Johanson in Ethiopia" (Leaky 1979: 453).
For most anthropologists, the Laetoli tracks were made by the same
species as Lucy, based upon the dating.
Leakey disagreed, but both of their finds broke a long-standing
assumption that humans developed big brains before walking upright (Anonymous
1998).
Another
person that believes the Laetoli tracks was not made by A. afarensis,
but rather by another hominid species.
Dr. Charles Oxnard has used multivariate analysis to reconstruct the
foot of an australopithecine (Catchpool 2001).
He believes that the big toe is not in line like a human foot; instead,
it sticks out like that of a chimpanzee.
Dr. Oxnard does not think that Lucy or her species belong in the Homo
line; he believes that they are just a unique adaptation in the line of
evolution. However, I think there is
one flaw to his thinking; he doesn't take into account the dating of the
Laetoli tracks, which indeed show that they were made at the time that Lucy
lived.
Conclusions
When
Dr. Donald Johanson found a bone protruding out of the sand on that hot day in
Ethiopia, he had no idea of the magnitude of his find. Lucy has become very important in everyday
society; the name Lucy is usually recognized by any common person walking on
the street. The name Lucy can also be
found on trivial games and comics.
Twenty-seven years later, the name Lucy still conjures up visions of our
early ancestors.
Did
Lucy belong to a species where males and females differed greatly in size and
shape? This question is still a major
topic of controversy that surrounds Lucy and her species. With the available evidence presented by
Johanson and his colleagues, I believe that the 'First Family' represents
Australopithecus afarensis. Yes,
there are great morphological differences between the two sizes of hominids
found there, but some researchers fail to see the differences in the apes of
today. Some of the best examples of
this are orangutans and gorillas. The
males are much bigger than females, why couldn't this have been the case with A.
afarensis?
The
vision of Lucy in our minds or in a drawing is usually of her walking upright
as we do. The belief of her walking
upright is still a hot controversy among many anthropologists. Lucy and her species' skeletons can be
analyzed forever, yet there will always be controversy about whether she was
bipedal or arboreal.
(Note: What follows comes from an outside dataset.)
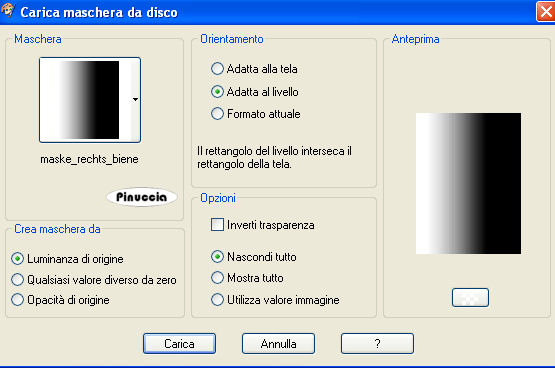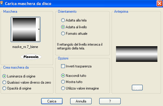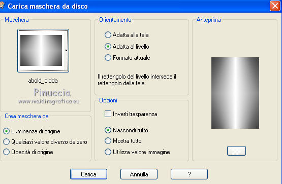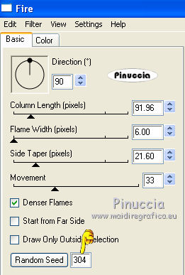 qui puoi trovare qualche risposta ai tuoi dubbi. Se l'argomento che ti interessa non è presente, ti prego di segnalarmelo. Questo tutorial è stato scritto con PSP X2, ma può essere eseguito anche con le altre versioni di PSP. Per tradurlo, l'ho eseguito con PSP X. Occorrente: Un tube a scelta. Il resto del materiale qui Il tube che ho usato è di Thaiss. L'immagine di sfondo Flammenhintergrund è di Biene. Rispetta il lavoro degli autori e mantieni inalterati i tubes. La foto usata per la base del lavoro viene da http://www.freefoto.com/index.jspFreeFotomcom Filtro: Eye Candy 4 - Fire qui Ti servirà anche Animation Shop qui Metti le Maschere nella cartella Maschere. Metti il motivo oro nell cartella Motivi. Apri Flammenhintergrundmein.jpg. Duplica l'immagine usando sulla tastiera la combinazione shift(maiuscola)+D, e chiudi l'originale. Livelli>Duplica. Immagine>Ruota per gradi - 90 gradi a destra: ![]() Livelli>Carica/Salva maschera>Carica maschera da disco. Cerca e carica la maschera maske_rechts_biene.jpg. ![]() Livelli>Unisci>Unisci gruppo. Sposta il livello un po' più a sinistra.![]() Livelli>Duplica. Immagine>Rifletti. Apri 28_19_9_prev.jpg. Attiva lo strumento Selezione , rettangolo, sfumatura 20,e traccia una selezione come nell'esempio: ![]() Chiudendo la selezione, questa si allargherà per effetto della sfumatura. Modifica>Copia. Torna al tuo lavoro e vai a Modifica>Incolla come nuovo livello. Immagine>Ridimensiona, all'80%, tutti i livelli non selezionato. Livelli>Carica/Salva maschera>Carica maschera da disco. Cerca e carica la maschera maske_nr.7_biene.jpg. ![]() Livelli>Unisci>Unisci gruppo. Sposta questo livello in basso vicino al bordo, e un po' più a destra,vedi il mio esempio per controllare la posizione. Attiva lo strumento Gomma , dimensione 80, opacità 17,e cancella le tracce delle fiamme che disturbano l'immagine del veicolo. Apri il tuo tube e vai a Modifica>copia. Torna al tuo lavoro e vai a Modifica>Incolla come nuovo livello. Immagine>Ridimensiona, all'80%, tutti i livelli non selezionato. Livelli>Carica/Salva maschera>Carica maschera da disco. Cerca e carica la maschera abold_didda.jpg. ![]() Livelli>Unisci>Unisci gruppo. Sposta il tube a sinistra.Attiva il livello sottostante. Attiva nuovamente la gomma con i settaggi precedenti.e cancella le tracce del veicolo dal viso della donna. ![]() Per un motivo inspiegabile, è visibile una macchia nera a destra del casco della donna. ![]() Questa macchia non si evidenzia in nessuna delle immagini che compongono i livelli della tag. Per mimetizzarla, apri il file creato da Biene kleineflamme.pspimage e vai a Modifica>Copia. Torna al tuo lavoro. Attiva il livello superiore e vai a Modifica>Incolla come nuovo livello. Posiziona le piccole fiamme sull'area della macchia nera.![]() e cancella con molta attenzione eventuali "sbavature".Livelli>Unisci>Unisci tutto. Immagine>Aggiungi bordatura, 2 pixels, simmetriche, con il colore nero. Selezione>Seleziona tutto. Immagine>Aggiungi bordatura, 1 pixel, simmetriche, con il colore bianco. Selezione>inverti. Passa il colore di primo piano a Motivi e seleziona il motivo oro Gold Foil. ![]() Riempi con il motivo oro.Selezione>Deseleziona. Immagine>Aggiungi bordatura, 2 pixels, simmetriche, con il colore nero. Selezione>Seleziona tutto. Immagine>Aggiungi bordatura, 1 pixel, simmetriche, con il colore bianco. Selezione>Inverti. Riempi la selezione con il motivo oro.Selezione>Deseleziona. Se vuoi, questo è il momento di aggiungere il tuo nome e/o il tuo watermark. Livelli>Unisci>Unisci tutto. Attiva lo strumento Testo e scegli un bel font.Per il mio testo ho usato il font LakeWobegonNF, con i seguenti settaggi. ![]() Imposta il colore di primo piano con il motivo oro e il colore di sfondo con il nero. Scrivi il testo e posizionalo Livelli>converti in livello raster. Rinomina questo livello Testo. Livelli>Duplica, 2 volte. Attiva il livello Testo. Effetti>Plugins>Eye Candy 4 - Fire: ![]() Attiva il livello della prima copia del Testo. Effetti>Plugins>Eye Candy 4000 - Fire, con i settaggi precedenti, ma clicca una volta sul tasto Random Seed. Chiudi questo livello. Attiva il livello della seconda copia del Testo. Ripeti l'Effetto Fire, cliccando una volta su Random Seed. Chiudi questo livello. Assicurati che i livelli delle copie del testo siano chiusi: ![]() Modifica>Copia Unione. Apri Animation Shop e vai a Modifica>Incolla>Incolla come nuova animazione. Torna in PSP. Chiudi il livello testo e apri il livello Copia di Testo. ![]() Modifica>Copia Unione. Torna in Animation Shop e vai a Modifica>Incolla>Incolla dopo il fotogramma corrente. Di nuovo in PSP. Chiudi il livello Copia di Testo e apri il livello Copia (2) di Testo: ![]() Modifica>Copia Unione. Per finire, in Animation Shop: Modifica>Incolla>Incolla dopo il fotogramma corrente. L'animazione è finita. Controlla il risultato cliccando su Visualizza e salva in formato gif.![]() Se hai problemi o dubbi, o trovi un link non funzionante, o anche soltanto per un saluto, scrivimi. 12 Agosto 2008 |

When reading the
opinions of many anthropologists. I have realized that most anthropologists do
believe that Lucy did indeed walk upright.
Based upon the evidence, A. afarensis is the best candidate for
leaving the famed 'Laetoli Tracks'.
There is always the possibility that there was another species that left
those tracks, and perhaps some day evidence will be found to prove it. I agree with Dr. Johanson that Lucy did walk
upright, and perhaps did climb trees for certain activities.
The
controversy of Lucy being a male or female is slowly dwindling from
anthropological society. It is hardly
talked about, because of the overwhelming evidence that Lucy is indeed
female. Except for an occasional person
who believes that Lucy is a male, most anthropologists concede to the idea that
she is female, based upon the pelvis.
Even though Lucy's pelvis is not like a humans', but rather in between a
human and chimp, it is still clear to most that Lucy's pelvis is bowl-shaped,
like that of human females.
As
researchers continue to search for our ancestors, more evidence will be found
that could strengthen or weaken our ideas of how Lucy relates to us. Recent findings have come up with fossilized
hominids that seem to be earlier than Lucy, and still be our ancestors. We do know that A. afarensis did live
unchanged for 400,000 years. With all
the faults that we find in Lucy's anatomy, by not being able to as versatile as
us, A. afarensis must have been greatly adapted to it's environment for
that long. If Homo sapiens sapiens
does live as long as A. afarensis, then I believe that we can scrutinize
what anatomical features of Lucy are better or worse than our own. As stated by Dr. Johanson in 1996, "At
21, Lucy has indeed come of age" (Johanson 1996: 117).
Figure
6. Lucy has become more famous
than her discoverer; this comic is just an example. Drawn by Nick Downes in 1989 (Johanson 1994: 63).